With more than $800 million in contracts, Blackwater USA, led by Erik Prince, is among the biggest companies providing armed guards for U.S. officials and government contractors in Iraq.

Prince, the heir to a Michigan auto-parts fortune, has close ties to the Republican Party and conservative Christian groups. He began his career with a stint as an officer in the U.S. Navy SEALs, and co-founded Blackwater in 1997 with other former commandos. His family's wealth made it possible for the then 27-year-old Prince to fund the Blackwater start-up with his own money.

Prince and his firm have drawn scrutiny from members of Congress after Blackwater guards were accused of opening fire on civilians in Baghdad in an incident that left at least nine people dead.

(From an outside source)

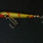 A-1000 Warhorse - The lure is stamped DEVELS Warhorse. The two peice box is marked A-1004 DEVELS Warhorse. Color: # 4 Green Minnow. 1956 - 1963
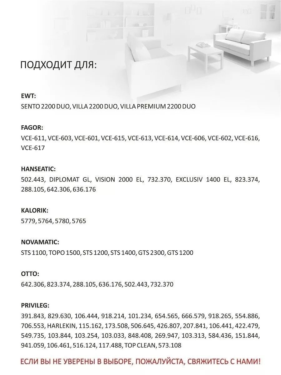 | Совместимые модели | Bork, Dirt Devil, Eio, Ewt, Thomas, Trisa, Ufesa, Zanussi, Caveron, Novomatic, |

Blackwater has said that its employees were defending a State Department convoy and denied that they had done anything improper, though Prince has made no public statement on the issue. The Iraqi government threatened to expel the company from the country, but after four days, Blackwater was allowed to resume its activities guarding State Department personnel.

Republican, Christian Ties

Prince grew up in Holland, Mich., where his father, Edgar Prince, built Prince Corporation, an auto-parts company that based its success on novel products, such as the lighted vanity mirror for car window visors. The elder Prince was a close friend and supporter of Christian evangelists, such as James Dobson of Focus on the Family, as well as a contributor to the Republican Party. He was an early benefactor of the Family Research Council.

Erik Prince was accepted to the U.S. Naval Academy, but dropped out after three semesters. He later told the Virginia-Pilot newspaper that he loved the Navy but disliked the academy. He finished his schooling at the Christian-oriented Hillsdale College in Michigan.

Prince later rejoined the Navy through Officer Candidate School and qualified for the SEALs. He served about three years, but left the service early after his father's death in 1995. The family sold the business shortly afterward to Johnson Controls for more than $1.3 billion.

Prince has rarely given interviews to the news media. In an email question-and-answer exchange with the Virginia- Pilot in 2006, he wrote that his Navy experience convinced him of the need for a company that could provide advanced training to military personnel and civilian contractors.

The organization rapidly grew into nine companies, providing everything from bomb-sniffing dogs to drone reconnaissance aircraft. Some of the teams that guard U.S. officials in Iraq are provided by Blackwater Security Consultants, which backs them up with helicopters and specially built military-style armored vehicles. The company's light-weight "Little Bird" helicopters, with gunmen hanging out the side doors, are a familiar icon of Blackwater's presence in Baghdad.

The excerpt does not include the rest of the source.